Until We Get Our House in Order, Let's Stop Taking in Immigrants

By Charley Reese
Volume 2, Number 1 (Fall 1991)
Issue theme: "Immigration and free trade with Mexico"

Are we suffering from unemployment? Yes. In many cities it's in the double digits. Do our governments at the various levels have ample funds to provide for infrastructure and public education? They all say no. Do we have large numbers of Americans living in poverty? Yes.

Then why in the name of reason does Congress admit nearly 900,000 new immigrants every year - and is talking, even now, about admitting more under various categories? Nine hundred thousand souls equals a new major metropolitan area per year.

It's time to shut the door, at least for a few years, until we have a chance to get our house in order financially, economically and socially. We should shut it on a non-discriminatory basis - to everyone.

When you have 28,000 Americans apply for 100 production jobs, as happened recently in Kansas City, you darn sure don't need to be adding 900,000 people per year through immigration looking for jobs.

The United States in 1991 is not the United States of 1890. We have neither the need nor the ability to absorb large numbers of immigrants without aggravating serious problems in our society. We need time to assimilate the millions of relatively recent immigrants already here. There are forces at work that would tend to Balkanize the United States, and this challenge has to be met if we wish to leave our children and grandchildren a viable country in which to live.

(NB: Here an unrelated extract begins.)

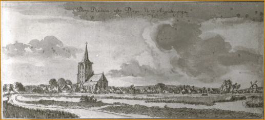 Dorp Didam in 1742 De toren heeft nog de spitse spits.

Another problem, which immigration is aggravating, is the loss of good-paying jobs people with a high school education or less can work at. We have more and more people competing for fewer and fewer jobs, and that is a recipe for all kinds of nasty things, as desperation and toleration are not found together in the real world.

No kidding, we are facing a problem of historic proportions, and to allow the politicians in Washington to go on catering to special-interest groups in a business-as-usual fashion can have disastrous results.

Nor are we under any moral obligation to accept any immigrants, either as immigrants or refugees. It's a tough world. There are an estimated 15 million refugees in various places and more millions of people who would, naturally enough, love to get into the United States in the hopes of building a better life for themselves.

Our first moral obligation, however, is to our own people, millions of whom are also desperate for a better life. And when I say our own people, I mean all of them - black, white Anglo, Hispanic, Asian or whatever. Anybody who's here is full-fledged American, and it is the welfare of all these Americans that must be made a priority of the government.

God knows I have sympathy for people suffering in foreign countries, but I'm tired of seeing Americans suffer while American largesse and American policy is diverted to non-American causes. Americans, since the end of World War II, have without too much exaggeration carried the rest of the world on their shoulders, and it's time to shuck the burden.

Congress not long ago increased immigration by 35 percent, and as I said earlier, several attempts are being made to further increase immigration. This isn't rational or kind. It's, first of all, catering to ethnic lobbyists. It's, second of all, catering to those who see immigration as a means to push down America's living standards and to make significant political changes. And third, it's stupid.

Does anybody think New York City has lots of surplus resources? How about Grand Rapids, Michigan? Their unemployment rate is 17.2 percent. And of course, the federal government has no deficit and no Himalayan-sized public debt, does it?

I have never seen in my life 535 men and women more consistently out of touch with reality than the present members of the House and Senate. Let's put our ship of state in dry-dock and scrape off the barnacles. Later we may be able to accept more passengers, but not now.